Vince
- Species: Southern White Rhinoceros
- Sex: Male
- Born: 22 September 2012 Royal Burgers' Zoo, Arnhem, The Netherlands
- Died: 5 March 2017 (aged 4) Parc Zoologique de Thoiry, Thoiry, Yvelines, France
- Known for: First rhinoceros to be illegally killed inside a zoo in Europe

= Vince (rhinoceros) =

Southern white rhinoceros killed by poachers

Vince (22 September 2012 – 5 March 2017) was a Southern white rhinoceros who was killed by poachers inside a zoo in Thoiry near Paris, France.

==Birth and life==
Vince was born on 22 September 2012 at Royal Burgers' Zoo, Arnhem, Netherlands. He was the second calf produced by 12-year-old Kwanzaa and her 20-year-old mate Gilou. Vince was born six weeks premature. On 6 November 2012 he was introduced to other safari animals at the Zoo.

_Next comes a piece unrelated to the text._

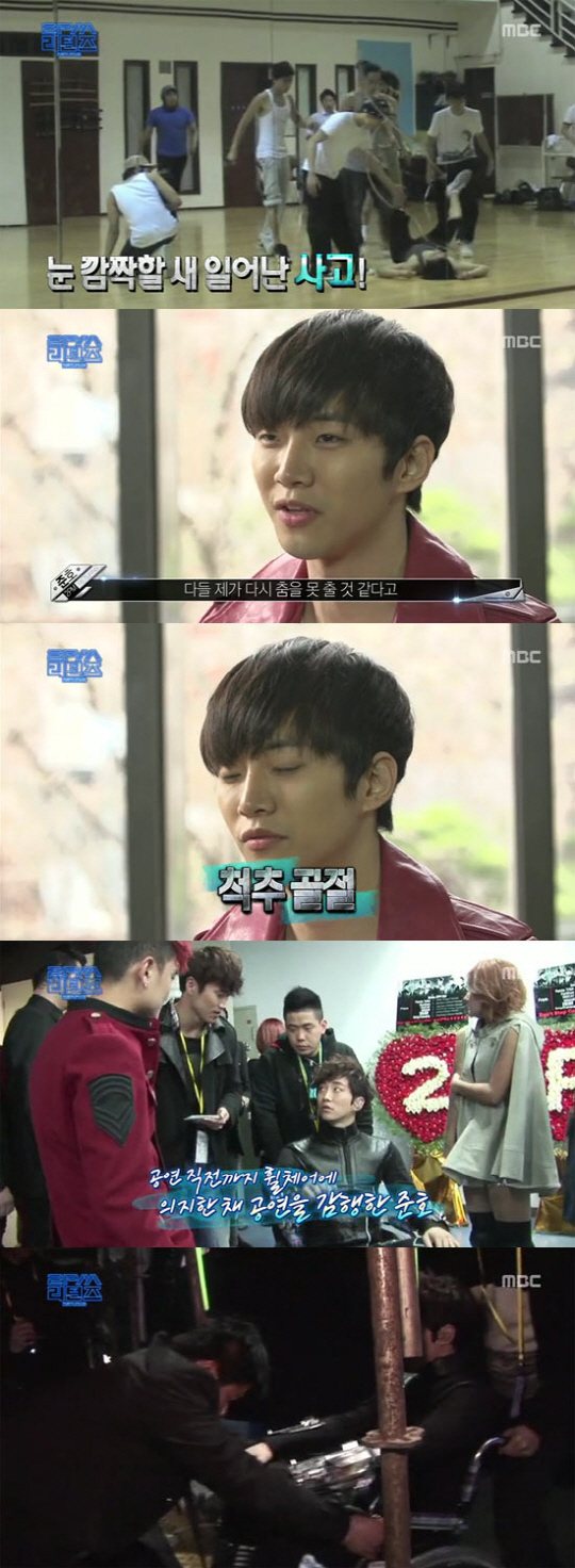 그러나 준호는 "다음 날 공연이었다. 어떻게 할 수가 없어서 무대에 올라가기 전까지 휠체어를 타고 있었다. 복대로 허리를 싸매고 서서 노래만 불러야 했다"고 당시 상황을 이야기 했다.

In March 2015, Vince and another rhinoceros Bruno were transferred to Parc Zoologique de Thoiry in France. He lived in an enclosure with two other rhinoceroses, Bruno and Gracie. The three animals bonded, and Vince and Bruno, who were the same age, often played together.

==Killing==
On 5 March 2017, Vince was shot three times and killed by a group of poachers who had broken into the rhino enclosure after the zoo had closed. They removed one of Vince's horns using a chainsaw and only managed to partially saw off his second horn before fleeing. Zoo officials and investigators think the attack was carried out to collect the rhino's horns and sell them on the black market. Rhinoceros horns are used in traditional Chinese medicine and Asian cultures, and a single horn can be sold for up to $300,000 on the black market.

On Vince's death, Thierry Duguet, the head of the zoo, said "There has never been a case like this in a zoo in Europe, an assault of such violence, evidently for this stupid trafficking of rhinoceros horns". French Minister Ségolène Royal called the killing a "criminal act".